What to talk about when we talk about Love

When our love grows cold, when we question God's motives, when we love God through gritted teeth, it is because we have turned away from where He wills to be preached, revealed, and worshipped in Christ Jesus. In the shadow of the Cross, we witness true, unconditional love: a love that is beyond all old Adam understanding. Jesus' love for us suffers itself to be rejected. That is what unconditional love in a Godly sense means. God loves us enough to be rejected by us, even executed by us.

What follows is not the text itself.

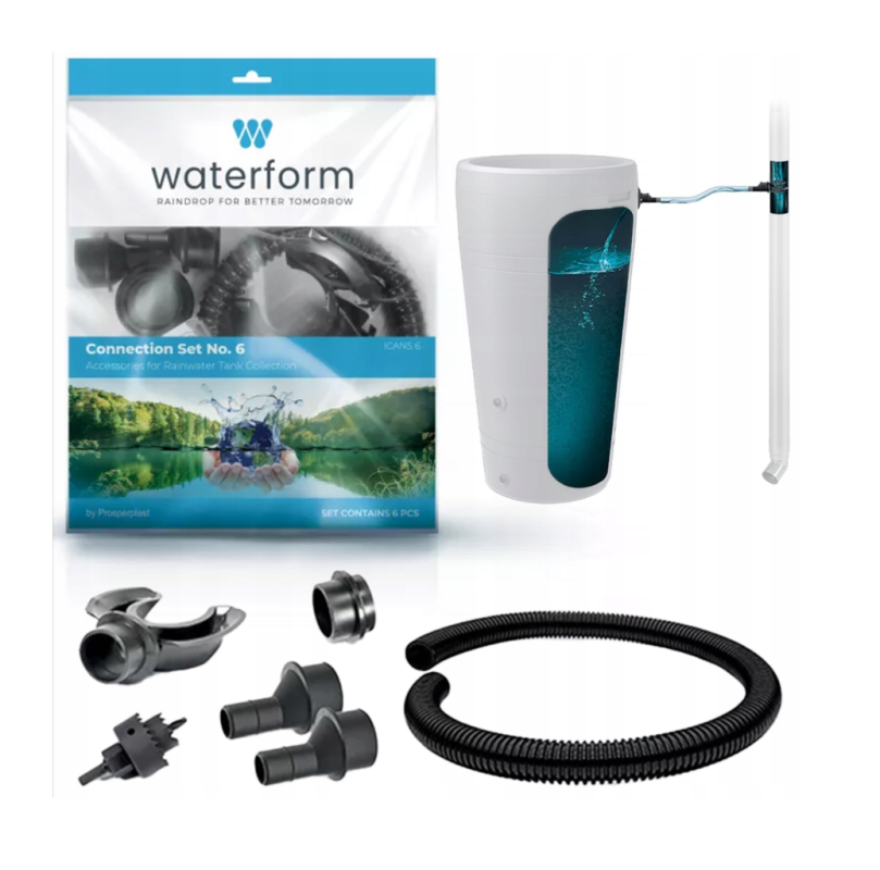 Propojovací sada má za úkol přivádět dešťovou vodu z okapů přímo do zásobníku na dešťovou vodu.

Our love is conditional, measured, limited, qualified, and most of all, selfish. We can never imitate Jesus' example of unconditional love because we are not God. And although He is able to sympathize with us in every way – because He was tempted in every way just as we are – unlike us, He did not sin. All the works of our flesh are sin, says St. Paul. That means that even our love, as selfless as it may seem to us, is sin. We cannot love God as He first loved us. We cannot love our neighbor as ourselves. Only God's Word and Spirit can change our heart from a heart of stone to a fleshy heart that pumps the life-blood of Christ Jesus, the blood received at the Lord's Supper throughout our body. And even then, our old-Adam self fights with all the vigor of a poisoned man.

When we talk about love then, let us not talk about ourselves.

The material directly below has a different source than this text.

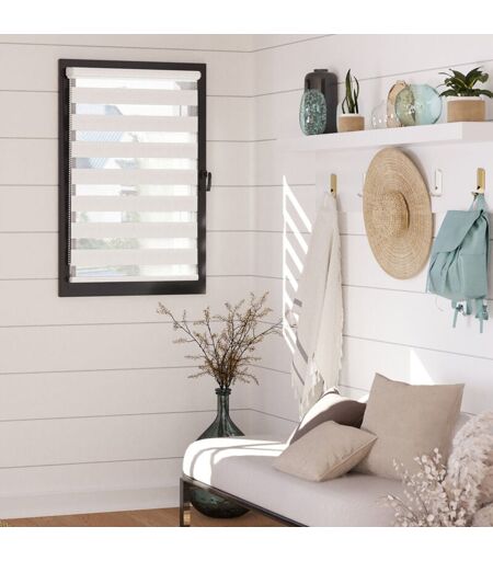 MADECOSTORE Store enrouleur jour nuit chaînette coordonnée sans percer - Blanc - L56 x H190cm

This is the Christian life in a nutshell. We love as we are loved, but we love selfishly, half-heartedly, impurely, conditionally, yet always comforted by the promise that even when "we are faithless He is faithful because He cannot deny Himself" (2 Timothy 2:13). We do not need to be ashamed of our failure to love God in the way of the Gospel as He loves us Jesus-much. If we could love God in-kind, we would not need a Savior like Jesus. Instead, we would require a life-coach who could offer helpful examples, recipes, and get-rich-quick schemes for loving God and neighbor that would never leave us feeling abandoned, betrayed, and hopeless.

We do not love rightly, not this side of the resurrection. We love selfishly, falsely, fearfully and insecurely. That is our fate as old Adam sinners. But we have a Savior who shed His blood on the cursed tree for us, even when we rejected His offer of life and eternal salvation. That is how God reveals Himself to be God for us, even in the midst of our struggles and afflictions, even when our love goes cold. That is His limitless love that sustains us even when crosses crush us. When we talk about love then, let us not talk about ourselves, or our relationships, our successes or failures at love, especially not how much we love God or have failed to love Him as He loves us. Instead, let us talk of Christ Jesus and His love which never exhausts itself, that never runs cold, never loses hope, never gives up pursuing us because He is our Savior, the man who is God, Jesus Christ.